Kanker yang paling sering menyebar ke paru-paru. Mungkin juga menyebar ke
tulang lain. Tentang satu dari lima pasien dengan osteosarkoma dengan kanker
yang telah metastasized pada saat itu dapat terdiagnosa. Dalam multifocal
osteosarkoma, tumor muncul dalam 2 atau lebih tulang, tetapi belum menyebar ke
paru-paru.
3.
Berulang
Penyakit berulang
berarti kanker telah datang kembali (recurred) setelah itu telah dirawat. Hal
itu dapat datang kembali dalam jaringan dimana pertama kali atau mungkin datang
kembali di bagian lain dari tubuh. Osteosarkoma paling sering terjadi dalam
paru-paru. Ketika osteosarkoma ditemukan, biasanya dalam waktu 2 sampai 3 tahun
setelah perawatan selesai. Nanti kambuh lagi adalah mungkin terjadi, tetapi
langka.
Sedangkan
klasifikasi menurut sifatnya Osteosarkoma dapat diklasifikasikan sebagi berikut
:
1.
Osteokondroma
Osteokondroma
(eksostosis Osteokartilagionous) merupakan tumor tulang jinak yang paling
sering ditemukan. Biasanya menyerang usia 10 – 20 tahun. Tumor ini tumbuh pada
permukaan tulang sebgai benjolan yang keras. Penderita dapat memiliki satu atau
beberapa benjolan. 10% dari penderita yang memiliki beberapa osteokondroma,
tetapi penderita yang hanya memiliki satu osteokondroma, tidak akan menderita
kondrosarkoma.
2.
Kondroma
Jinak
Kondroma
jinak biasanya terjadi pada usia 10 – 30 tahun, timbul di bagian tengah tulang.
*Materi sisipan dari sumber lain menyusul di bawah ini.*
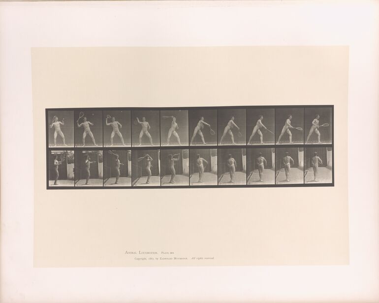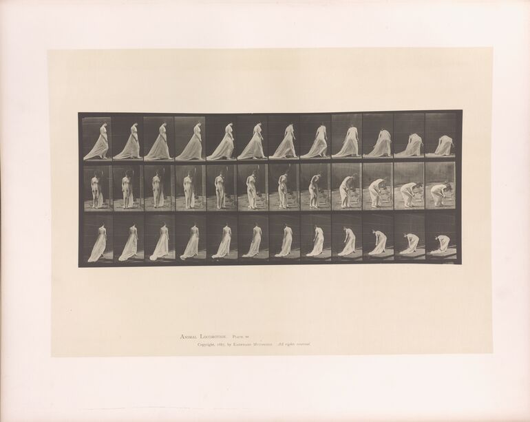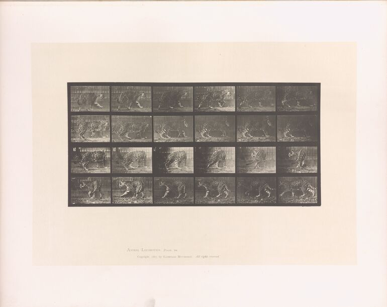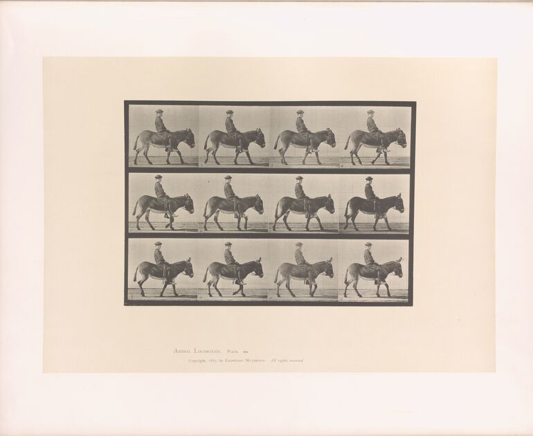 - Text am Objekt: Animal Locomotion. Plate 713. / Copyright 1887, by Eadweard Muybridge. All rights reserved
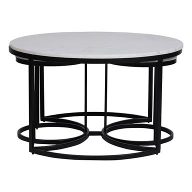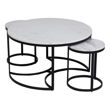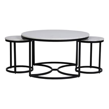 EthnoGlow Keya Nesting Marble Coffee Table Set of 3 in Black Finish
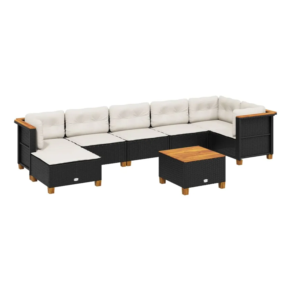 Salon de jardin 8 pcs avec coussins noir résine tressée
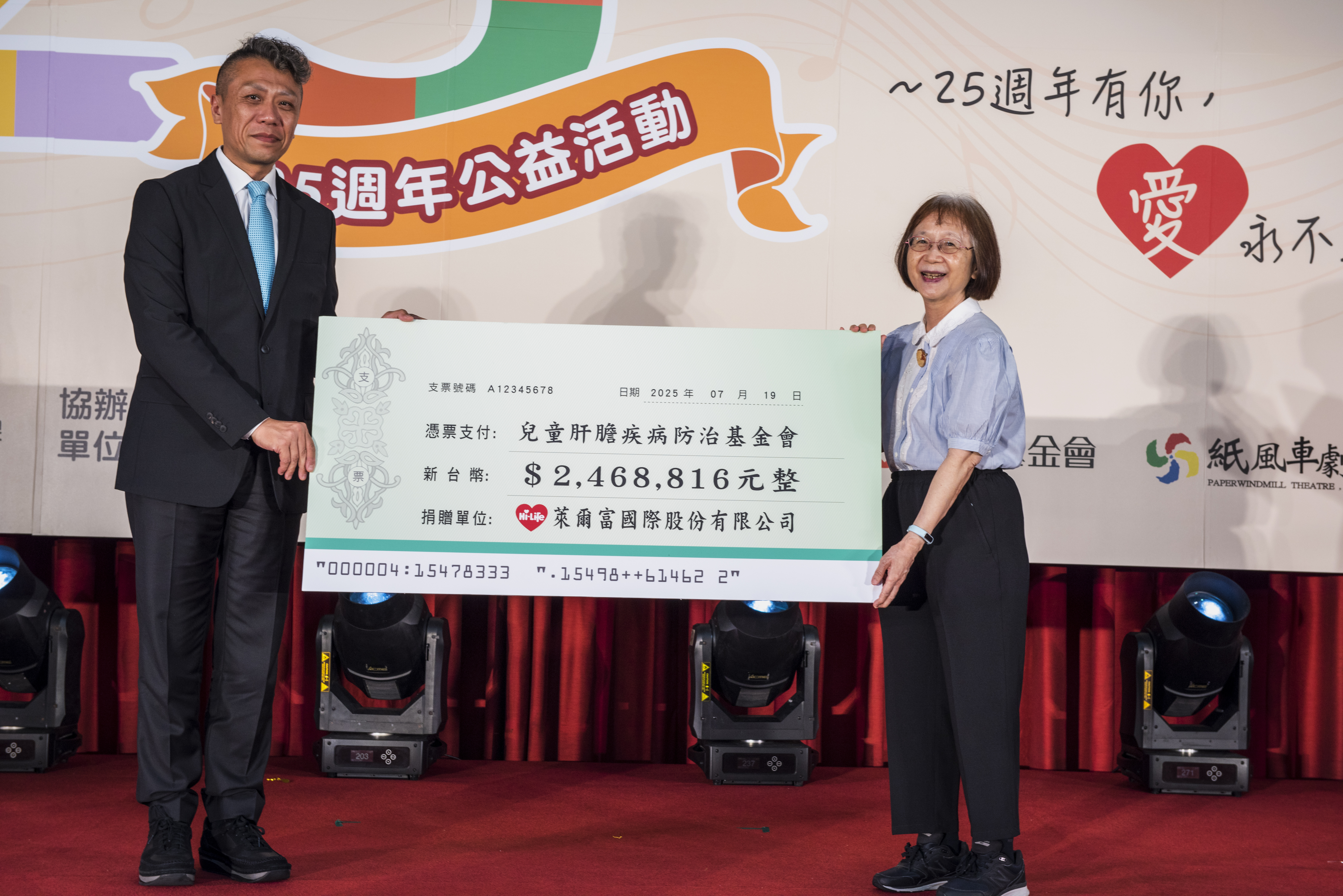 感謝萊爾富公司配合公益勸募捐助2,468,816元幫助全國肝苦兒重獲健康!
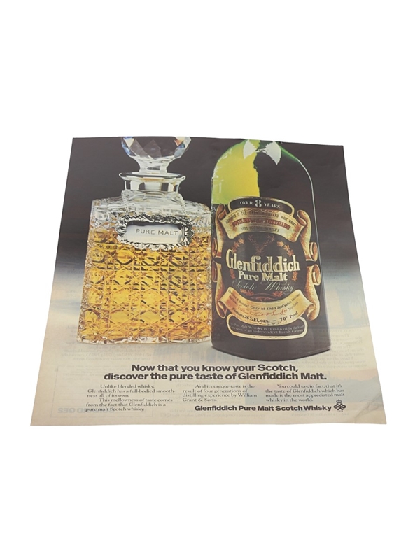 An advertising print for Glenfiddich Scotch Whisky 'Now that you know your Scotch, discover the pure taste of Glenfiddich Malt' from the 1980s, measuring approximately 30cm x 22cm.
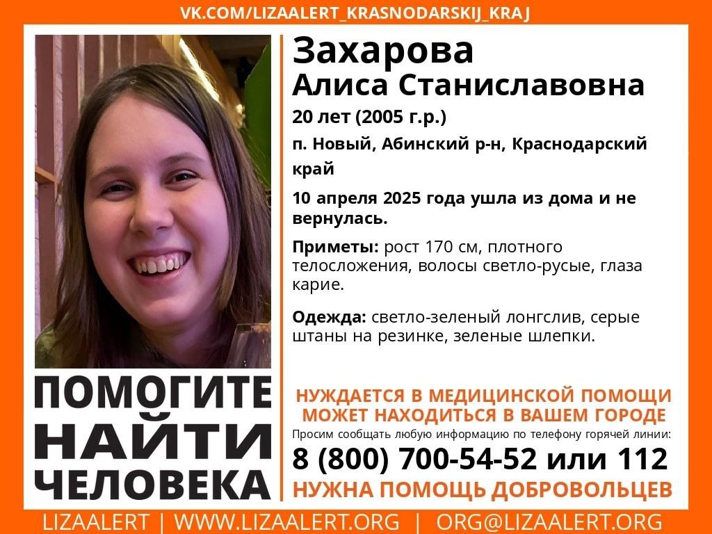 Место нахождение Алисы Захаровой неизвестно с 10 апреля. Она вышла из дома в посёлке Новый Абинского района и не вернулась. На контакт с родными не выходила.

Beberapa jenis kondroma menyebabkan nyeri. Jika tdak menimbulkan nyeri, tidak
perlu diangkat atau diobati. Untuk memantau perkembangannya, dilakukan foto
rontgen. Jika tumor tidak dapat di diagnosis melalui foto rontren atau jika menyebabkan
nyeri, mungkin perlu dilakukan biopsy untuk menentukan apakah tumor tersebut
bias berkembang menjadi kanker atau tidak.
3.
Kondroblastoma
Kondroblastoma
merupakan tumor yang jarang terjadi, yang tumbuh pada ujung tulang.biasanya
timbul pada usia 10 -20 tahun. Tumor ini dapat menimbulkan nyeri, yang
merupakan petunjuk adanya penyakit ini. Pengobatan terdiri dari pengangkatan
melalui pembedahan ; kadang setelah dilakukan pembedahan, tumor bisa tumbuh
kembali.
4.
Fibroma
Kondromiksoid
Fibroma kondromiksoid
merupakan tumor yang sangat jarang, yang terjadi pada usia kurang dari 30
tahun. Nyeri merupakan gejala yang biasa dikeluhkan. Tumor ini akan memberikan
gambaran yang khas pada foto rontgen. Pengobatannya adalah pengangkatan melalui
pembedahan.
5.
Osteoid
Osteoma
Osteoid
Osteoma adalah tumor yang sangat kecil, yang biasanya tumbuh di lengan atau
tungkai, tetapi dapat terjadi pada semua tulang. Biasanya akan menimbulkan
nyeri yang memburuk pada malam hari dan berkurang dengan pemberian aspirin
dosis rendah. Kadang otot disekitar tumor akan mengecil ( atrofi) dan keadaan
ini akan membaik setelah tumor diangkat. Scaning tulang menggunakan pelacak
radioaktif bias membantu menentukan lokasi yang tepatdari tumor tersebut.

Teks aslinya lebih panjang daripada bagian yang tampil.